Sinus Cavity Blues
By Noah Cicero.
i’m not depressed
but people say all the time i look depressed
but i’m okay when people aren’t around
so i’m assuming that i get depressed when people come around and make me realize that people are fucked up, things are fucked, i’m fucked, and fucked
i keep getting less involved with people
as time passes i decrease my human interaction
at work there are a lot of people there
they ask me to go out
to bars
sometimes i go
i like going to bars and playing pool
but i don’t like talking
sometimes people engage me in conversation
they force me to say things about music and writing and other shit
i don’t care
i’m cool
you’re cool
lets drink in silence
i feel so alienated that i don’t even care about politics anymore
i did those things on capitalism, but there were no politics in them
i support no candidate
i don’t feel part of the world and the majority of people who live in it
they seem to be concerned with other things to the point that my things have nothing to do with their things, most of the time it is looked at with scorn
most people think i’m an asshole
i feel okay if after work i get a coffee mocha from a gas station and go home and watch a movie
i feel content, or just as happy if i was in a room drinking with people
beer gives me heartburn and makes me piss a lot and sometimes i get depressed
the coffee mocha relieves my heartburn and doesn’t have any side effects

ABOUT THE AUTHOR
Noah Cicero is a writer from America.

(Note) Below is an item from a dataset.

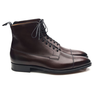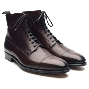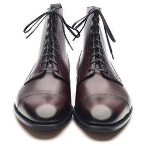Edward Green 'Albion' cap toe boots in night shade burgundy antique calf.
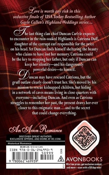 Love is worth any risk in this seductive finale of USA Today Bestselling Author Gayle Callen's Highland Weddings series... The last thing clan chief Duncan Carlyle expects to encounter in the rain-soaked Highlands is Catriona Duff, daughter of the corrupt earl responsible for the price on his head. Yet Duncan finds himself sheltering the beauty who claims to have lost her memory. Catriona could be the key to stopping her father, but only if Duncan can keep her identity?and his dangerously powerful desire?to himself. Duncan may have rescued Catriona, but the gruff outlaw clearly doesn't trust her. She's moved by his mission to rescue kidnapped children, but hiding in a network of caves means living in close quarters with everyone?including Duncan. And even as Catriona struggles to remember her past, the present draws her ever closer to this enigmatic man . . . and to the secret that could change everything.

He has several books published The Human War, The Condemned and in June Treatise. The last five times he submitted he was rejected. Two of the times the editor bitched about his grammar. He is currently studying history. He is also studying organic gardening and planning on having a quarter acre garden, and planting an orchard of apple and pear trees. He is the expo 1 cook at Lone Star Steak House and Saloon in Niles, OH. Which means he stands in the middle of the cook line getting yelled by managers, servers, and broil cooks. He has acid reflux disorder, sinus headaches, and hemorrhoids. By most anyone’s standards, Noah Cicero is a failure. But he believes or at least tells himself that he is a failure with style.